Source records
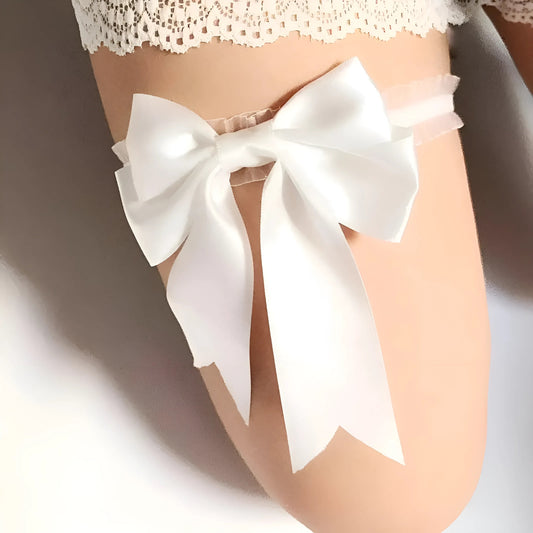 Classic Lace Garter with Bow in French is: "Jarretelle en dentelle classique avec nœud".
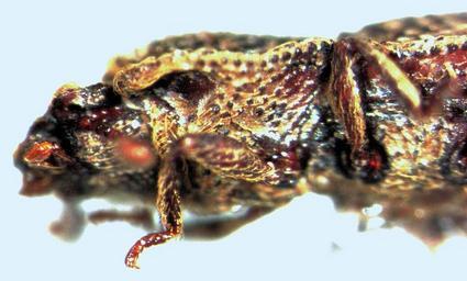 | Keywords: Chorasus2.jpg en adult Chorasus sp showing antennal groove and cavity on prothoracic hypomeron self-photographed S E Thorpe 2010-06-24 NEW ZEALAND WO near Cambridge<br /> NZ 37 79˚S 175 55˚E TMRes<br /> F -; P - 402 78ha W846-112<br /> 33 cm diam litter 72hr Berlese<br /> Edge dist 5 1m -6 1m offset <br /> RK Didham 14-Feb-08 Unidentified Zopheridae Coleoptera head and pronotum |
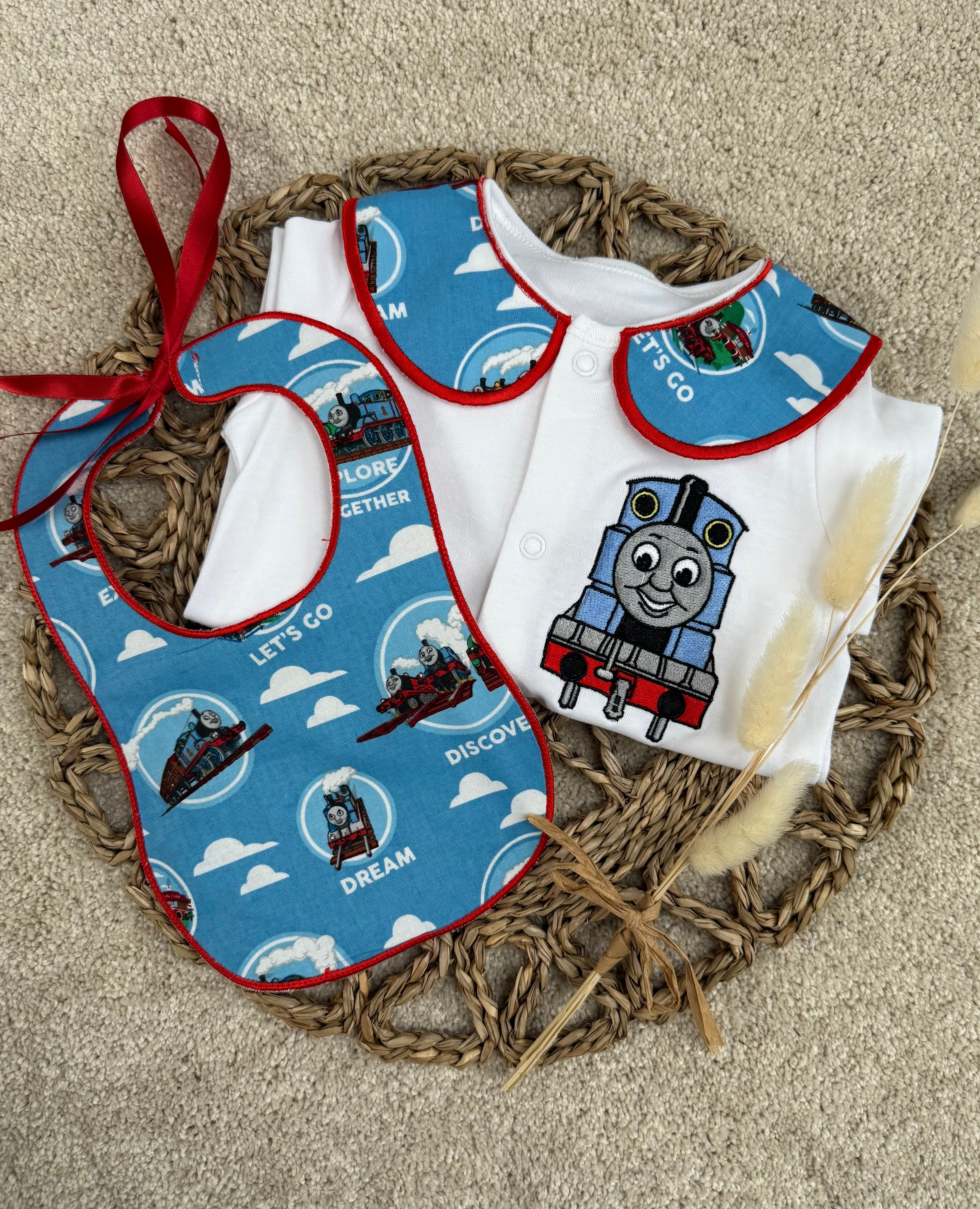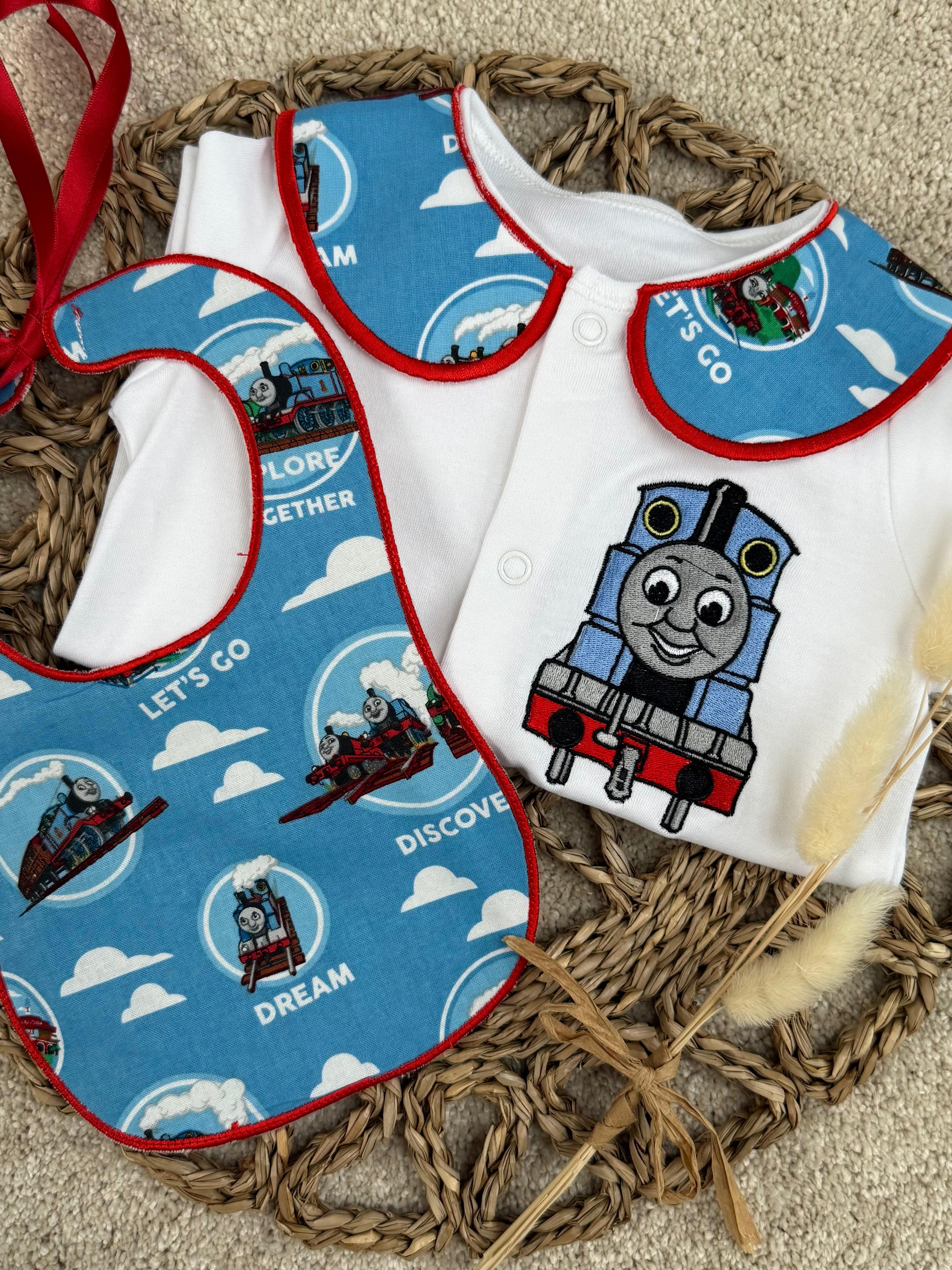 Boys Thomas The Tank Engine Handmade Sleepsuit And Bib
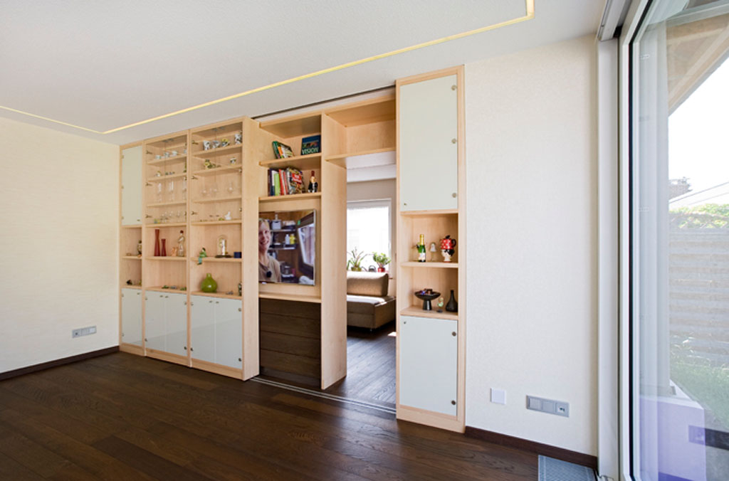 Wohnzimmerausbau mit TV-Board und Hifi-Möbel im neu gebauten Massivholzhaus.
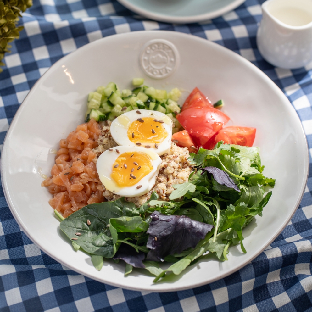 Киноа, огурцы, помидоры, слабосоленый лосось в соусе понзу с руколой и яйцом
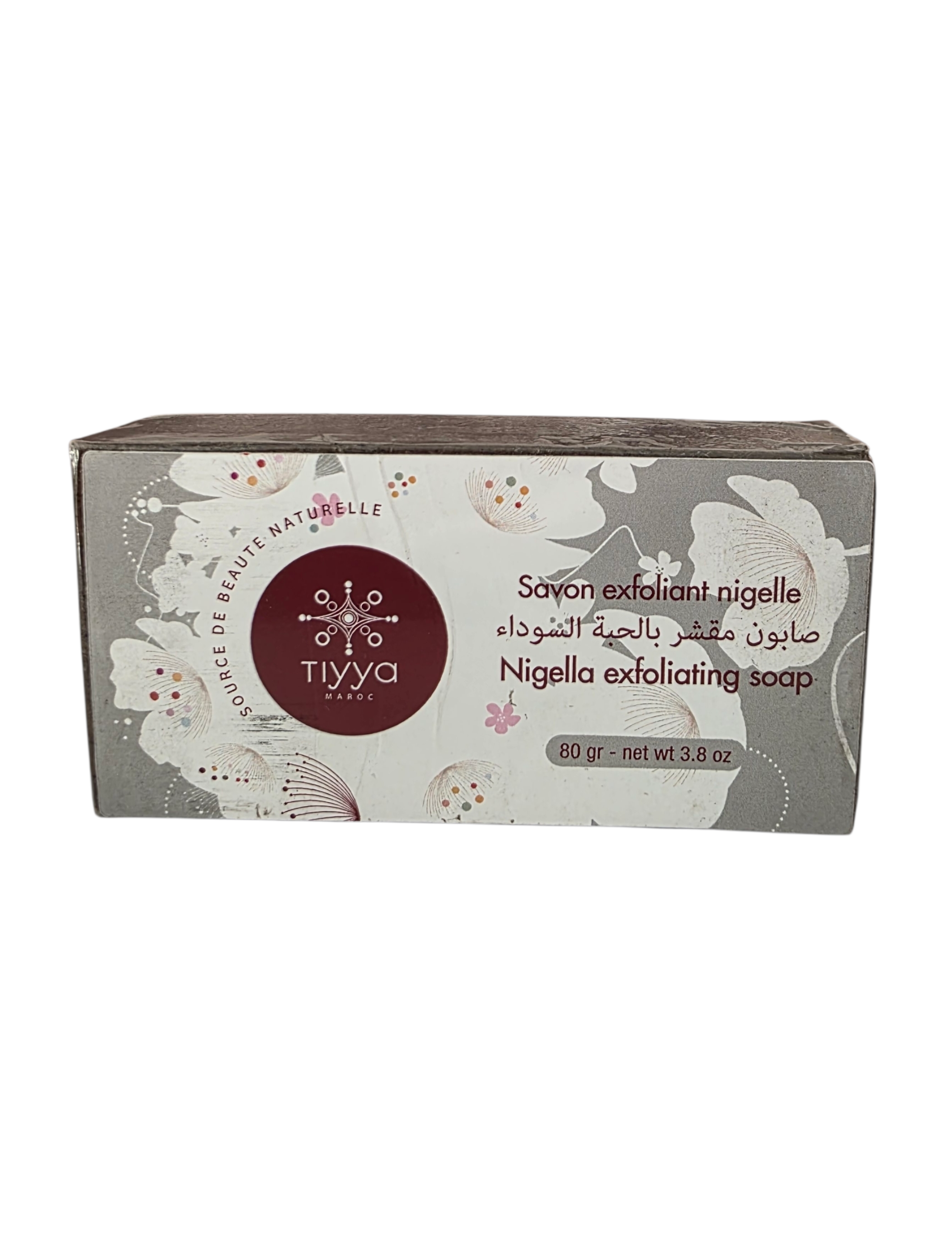 Il sapone esfoliante alla nigella di Tiyya Maroc è un trattamento purificante profondo che attinge ai segreti della bellezza naturale del Marocco. Conosciuta come “l’oro nero dei faraoni”, la nigella (cumino nero) offre proprietà rigeneranti uniche.
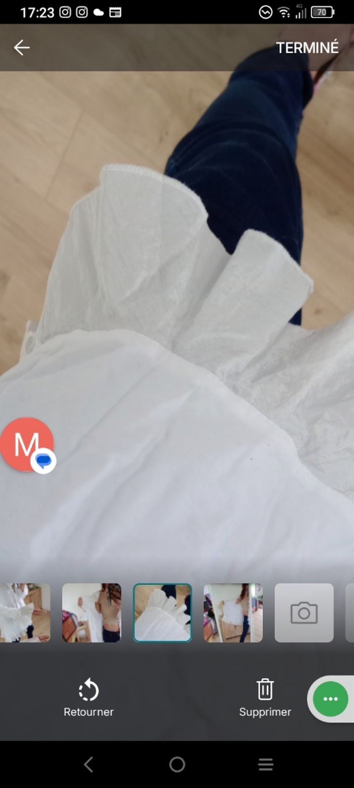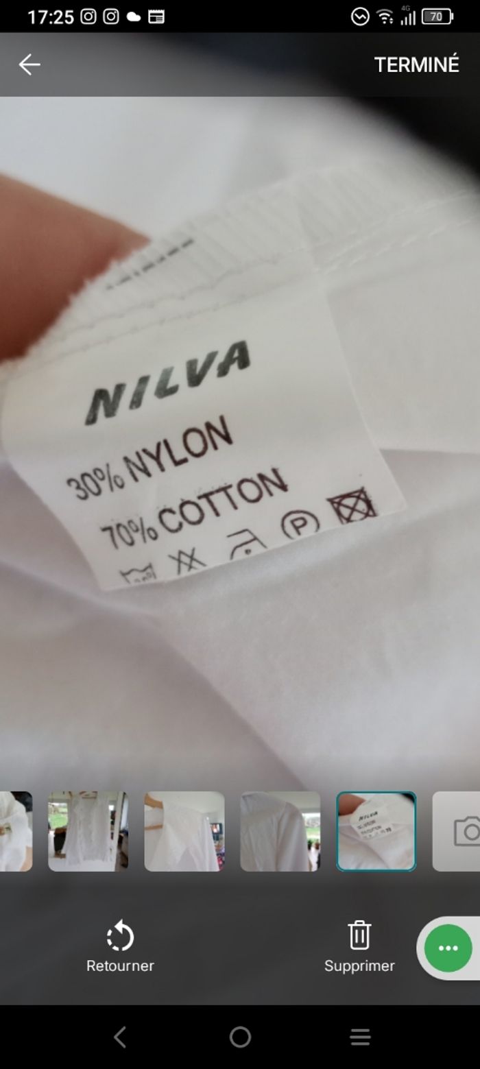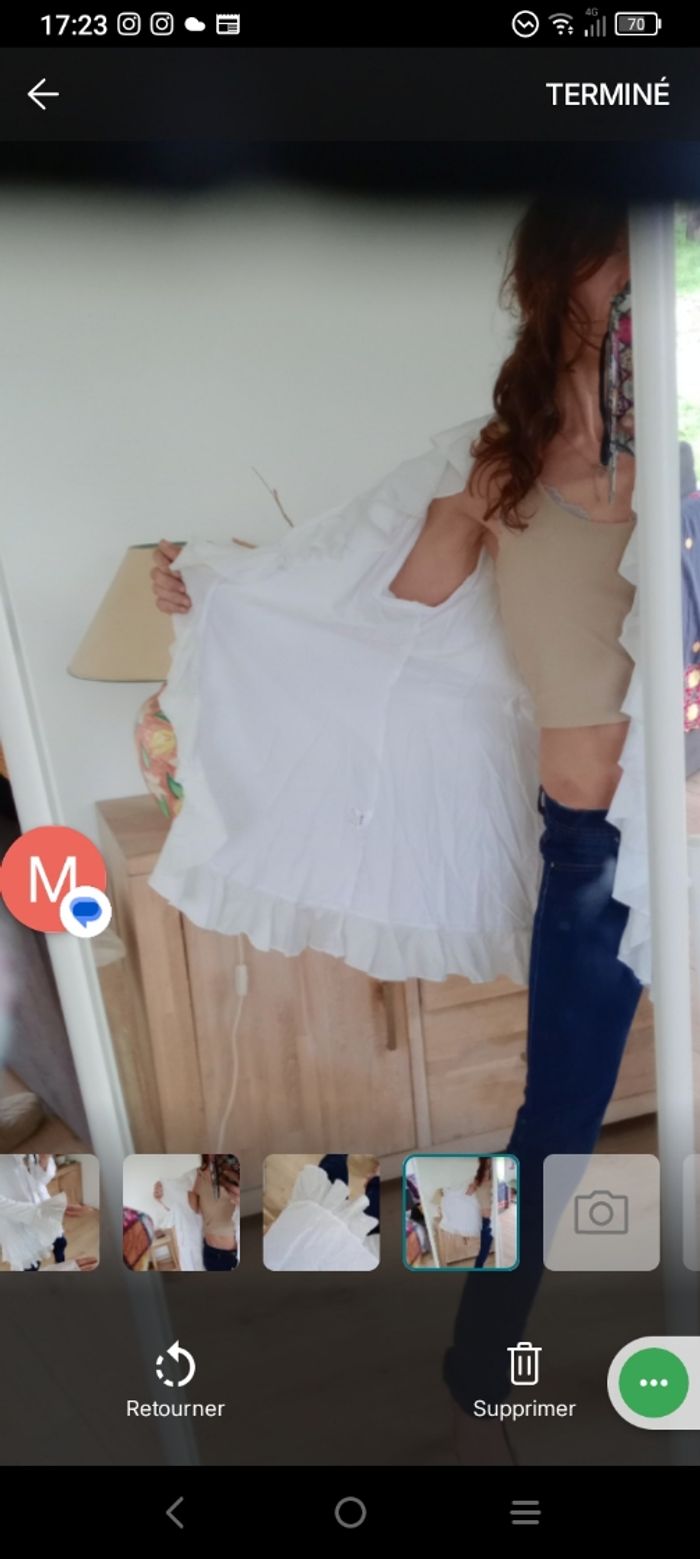 ​​Magnifique gilet tunique blanche (peut aussi se porter en gilet ouvert) de la marque Nilva, idéale pour un look romantique, bohème ou chic. 🥰💞 ​ ​Coupe : Fluide avec de superbes finitions à volants le long de l'encolure, sur le bas et aux poignets (manches évasées). ​Matière : Mélange confortable de 70% coton et 30% nylon, offrant un aspect légèrement texturé et une belle tenue. Bimatière, finement côté sur les manches ​ ​Style : ​Se porte aussi bien fermée ( avec une broche par exemple car il n'y a pas de bouton) en tunique sur un jean pour un effet "shabby chic" qu'ouverte comme un gilet léger sur un caraco. Parfait pour le printemps ou les soirées d'été. Épaule 45 cm longueur 88 cm aisselle 54 cm #calomomi_femme46 ​#boheme #chic #romantique #volants #shabbychic #nilva #tuniqueblanche #dentelle #vintagestyle #taille44 #taille46 #grandetaille #modefemme ​
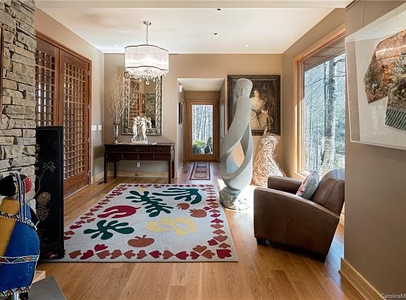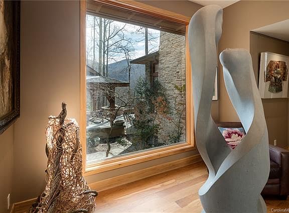 Designed by local architect Andrew Willett & inspired by Frank Lloyd Wright, the home is nestled in a quiet cove overlooking the mountains that form the Blue Ridge Parkway in WNC. Located in beautiful Reems Creek Valley the home is 10 min to the charming town of Weaverville, offers grocery stores, coffee shops, art galleries, wonderful restaurants, etc. 20 min away is the award-winning city of Asheville with its many shops, concerts, breweries & more. As you approach the home, the surrounding forest envelopes you in serene peace. The winding driveway brings you to the home & gardens that are integrated into the woodland landscape that form an organic whole where rocks, trees & plants are naturally found. The home was taken down to the studs in 2007 & completely rebuilt. The home features a gourmet kitchen, incredible master suite, 3 fireplaces & amazing views. It is a horticulture gem (See attachments). This is a must see for those seeking peace & calm.

#### What you are asked to do
An exact copy of the entries above is required; pictures are not part of it.

#### Task result
 Classic Lace Garter with Bow in French is: "Jarretelle en dentelle classique avec nœud".
 | Keywords: Chorasus2.jpg en adult Chorasus sp showing antennal groove and cavity on prothoracic hypomeron self-photographed S E Thorpe 2010-06-24 NEW ZEALAND WO near Cambridge<br /> NZ 37 79˚S 175 55˚E TMRes<br /> F -; P - 402 78ha W846-112<br /> 33 cm diam litter 72hr Berlese<br /> Edge dist 5 1m -6 1m offset <br /> RK Didham 14-Feb-08 Unidentified Zopheridae Coleoptera head and pronotum |
 Boys Thomas The Tank Engine Handmade Sleepsuit And Bib
 Wohnzimmerausbau mit TV-Board und Hifi-Möbel im neu gebauten Massivholzhaus.
 Киноа, огурцы, помидоры, слабосоленый лосось в соусе понзу с руколой и яйцом
 Il sapone esfoliante alla nigella di Tiyya Maroc è un trattamento purificante profondo che attinge ai segreti della bellezza naturale del Marocco. Conosciuta come “l’oro nero dei faraoni”, la nigella (cumino nero) offre proprietà rigeneranti uniche.
 ​​Magnifique gilet tunique blanche (peut aussi se porter en gilet ouvert) de la marque Nilva, idéale pour un look romantique, bohème ou chic. 🥰💞 ​ ​Coupe : Fluide avec de superbes finitions à volants le long de l'encolure, sur le bas et aux poignets (manches évasées). ​Matière : Mélange confortable de 70% coton et 30% nylon, offrant un aspect légèrement texturé et une belle tenue. Bimatière, finement côté sur les manches ​ ​Style : ​Se porte aussi bien fermée ( avec une broche par exemple car il n'y a pas de bouton) en tunique sur un jean pour un effet "shabby chic" qu'ouverte comme un gilet léger sur un caraco. Parfait pour le printemps ou les soirées d'été. Épaule 45 cm longueur 88 cm aisselle 54 cm #calomomi_femme46 ​#boheme #chic #romantique #volants #shabbychic #nilva #tuniqueblanche #dentelle #vintagestyle #taille44 #taille46 #grandetaille #modefemme ​
 Designed by local architect Andrew Willett & inspired by Frank Lloyd Wright, the home is nestled in a quiet cove overlooking the mountains that form the Blue Ridge Parkway in WNC. Located in beautiful Reems Creek Valley the home is 10 min to the charming town of Weaverville, offers grocery stores, coffee shops, art galleries, wonderful restaurants, etc. 20 min away is the award-winning city of Asheville with its many shops, concerts, breweries & more. As you approach the home, the surrounding forest envelopes you in serene peace. The winding driveway brings you to the home & gardens that are integrated into the woodland landscape that form an organic whole where rocks, trees & plants are naturally found. The home was taken down to the studs in 2007 & completely rebuilt. The home features a gourmet kitchen, incredible master suite, 3 fireplaces & amazing views. It is a horticulture gem (See attachments). This is a must see for those seeking peace & calm.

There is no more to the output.